# Available data
***

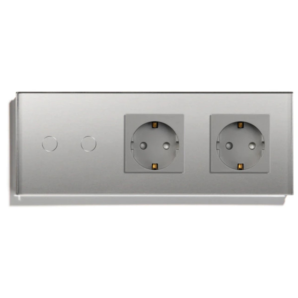 Elegant Touch Light Switch 2 Gang 1 Way and Dual Socket, Tempered Crystall Glass Silver Touch Sensitive Light Switch-No Neutral Wire.
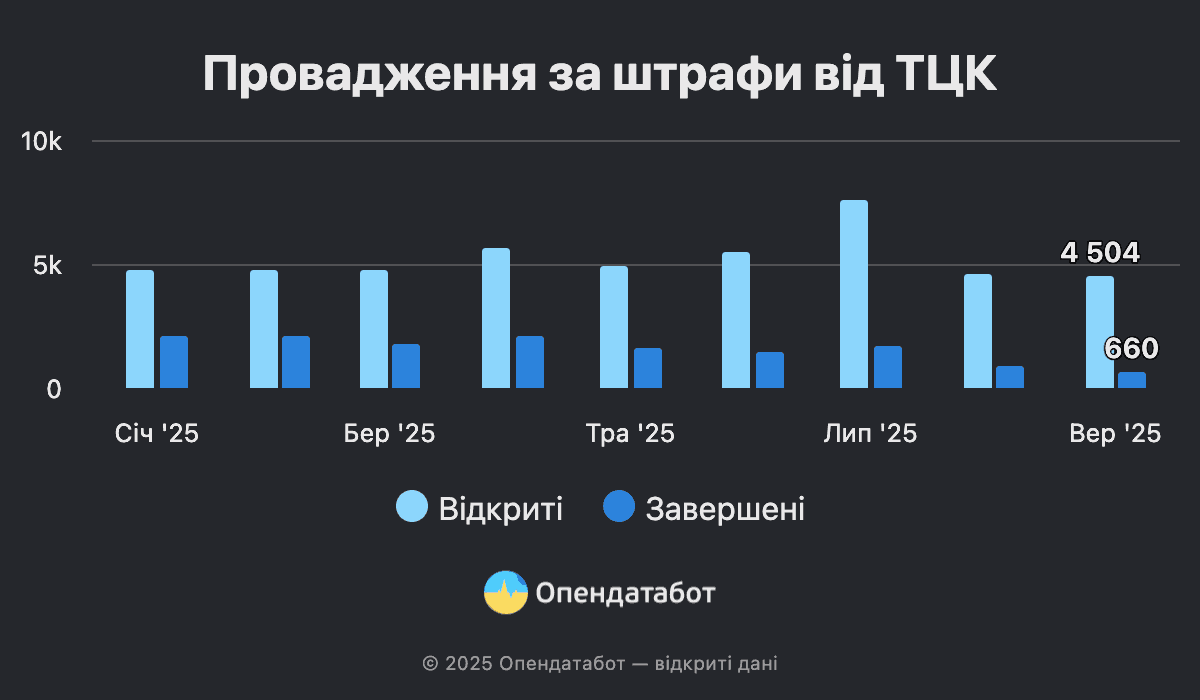 В середньому, щомісяця ТЦК відкривають по 4,5 тисячі нових проваджень. Однак липень став рекордним — 7 595 відкриттів. Левова частка липневих штрафів припала на столицю: 26% або 1 999 проваджень.
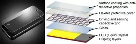 iPhone的屏幕由多层功能膜贴合压制而成,正是由于第一层(如图所示)采用了漫反射材料的光学膜涂布,用户才得以在强光下依然拥有不错的浏览体验。
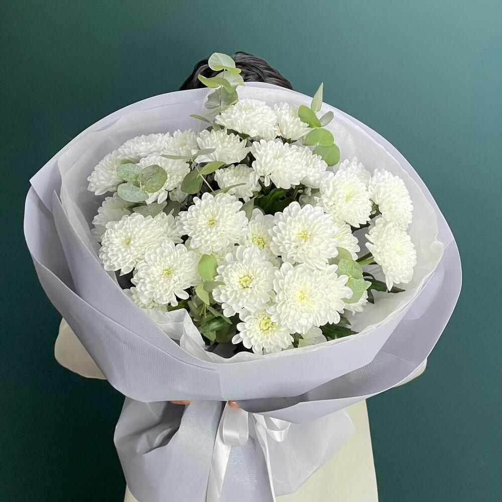 Хризантема кустовая - 5 шт. Эвкалипт - 1 шт. Оформление - 4 шт.

***

Please write out exactly the lines from the one holding "В середньому, щомісяця" through the last line of the material above, both included, as a copy without pictures.

# Your solution
 В середньому, щомісяця ТЦК відкривають по 4,5 тисячі нових проваджень. Однак липень став рекордним — 7 595 відкриттів. Левова частка липневих штрафів припала на столицю: 26% або 1 999 проваджень.
 iPhone的屏幕由多层功能膜贴合压制而成,正是由于第一层(如图所示)采用了漫反射材料的光学膜涂布,用户才得以在强光下依然拥有不错的浏览体验。
 Хризантема кустовая - 5 шт. Эвкалипт - 1 шт. Оформление - 4 шт.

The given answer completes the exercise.